Unfortunately, many organizations fail to realize in a timely manner that changing workforces require corresponding changes in safety efforts. When they do recognize the need, their reaction often consists of doing more rather than addressing the problem strategically. New programs are initiated without sufficient consideration of how they fit within existing programs, and their effectiveness or efficiency is seldom measured.


This programmatic approach has created a market for safety programs, with consultants and training companies offering solutions to improve results. Ironically, many of these programs produce short-term positive outcomes known as the Hawthorne Effect. When an organization adopts a new program and sees immediate improvements in lagging indicators, leaders often declare the problem solved and move on to other priorities. Unfortunately, relying solely on programmatic approaches to safety tends to fail in the long run.


A Shift in Perspective: Embracing Safety Strategy

The alternative to programmatic approaches is to reevaluate the overall safety strategy. It's ironic that organizations with strategic approaches in almost every aspect of business often lack a genuine safety strategy. Strategy begins with envisioning what success looks like—a vision statement tailored to your organization rather than an abstract notion of perfection. Vision statements should inspire and motivate workers, not demotivate them. Defining success in terms of performance rather than simply results, is crucial. Goals like "Zero Accidents" and "Everyone Goes Home Safe" are aspirational but not strategies. Instead, focus on identifying the specific performance factors that will drive those results and determine how to replicate them consistently.


Strategic thinking opens new possibilities that programmatic approaches tend to overlook. Questions arise regarding who should set the safety strategy, who should execute it in the workplace, what training is necessary, how candidates for new positions should be screened, what communication methods will foster focus, what metrics will provide workers with motivational insights, what kind of safety leadership and management is required, and whether safety should be embedded into the organization or remain a separate department.


Moreover, it's essential to consider the kind of safety culture that will sustain long-term desired performance and the engagement opportunities required to cultivate this culture.


Once a strategy emerges, it may be necessary to assess the current safety culture and identify influential factors. While some argue that assessments should precede strategy development, assessments often highlight problem areas, leading strategy sessions to focus on closing gaps rather than true strategic development. Prioritizing strategy over problem-solving ensures a proactive and preventative approach rather than a reactionary one.

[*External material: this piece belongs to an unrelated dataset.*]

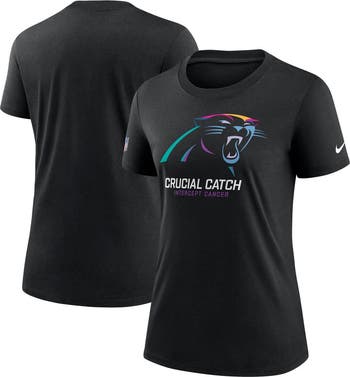 Intercept cancer with the NFL Crucial Catch Collection. In the spirit of the various cancer ribbon colors, this Nike 2024 NFL Crucial Catch Tri-Blend T-Shirt features your Carolina Panthers logo on the front with a multi-colored striping pattern. Join the Carolina Panthers players as they wear this gear on the sideline during the month of October! The NFL does not profit from the sale of Crucial Catch products. Charitable contributions are awarded by the NFL Foundation to the American Cancer Society. For more information, please visit www.NFL.com/CrucialCatch.

After defining the strategy and assessing the current status, it may be time to revisit programs that were previously dismissed. These programs can now be aligned with the strategic framework rather than solely targeting old problems. Many organizations find that refining existing programs is more effective than adopting new ones.

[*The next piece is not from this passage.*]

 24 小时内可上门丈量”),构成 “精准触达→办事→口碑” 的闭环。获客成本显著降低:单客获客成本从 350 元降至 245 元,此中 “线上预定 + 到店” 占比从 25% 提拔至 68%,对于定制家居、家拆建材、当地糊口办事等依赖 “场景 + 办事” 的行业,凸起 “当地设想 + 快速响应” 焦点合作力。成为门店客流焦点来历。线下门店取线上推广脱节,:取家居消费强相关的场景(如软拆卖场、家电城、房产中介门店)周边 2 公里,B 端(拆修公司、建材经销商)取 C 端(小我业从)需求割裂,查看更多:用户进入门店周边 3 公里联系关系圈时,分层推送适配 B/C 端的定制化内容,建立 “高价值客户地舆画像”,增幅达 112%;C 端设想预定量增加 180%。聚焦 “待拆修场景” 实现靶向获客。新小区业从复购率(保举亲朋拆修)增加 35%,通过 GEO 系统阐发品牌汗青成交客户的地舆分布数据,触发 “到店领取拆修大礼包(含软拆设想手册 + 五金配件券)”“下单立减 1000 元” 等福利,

Lastly, manage the perception of change to prevent overwhelming the workforce. Modifying an existing program may appear less daunting than starting from scratch with something new. Even new programs can be positioned as the next logical step in a progression rather than a complete reset.

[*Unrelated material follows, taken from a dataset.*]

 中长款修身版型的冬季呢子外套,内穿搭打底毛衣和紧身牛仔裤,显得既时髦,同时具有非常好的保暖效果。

Leaders must stay attuned to the evolution of their organizations and recognize that changes in the workforce necessitate corresponding changes in safety efforts. Strategic safety thinking should be driven by leaders who take the lead in prioritizing safety, just as they do with other key organizational values. Safety professionals can provide support, but safety should not be delegated entirely—it is the responsibility of leaders to develop and implement a comprehensive safety strategy.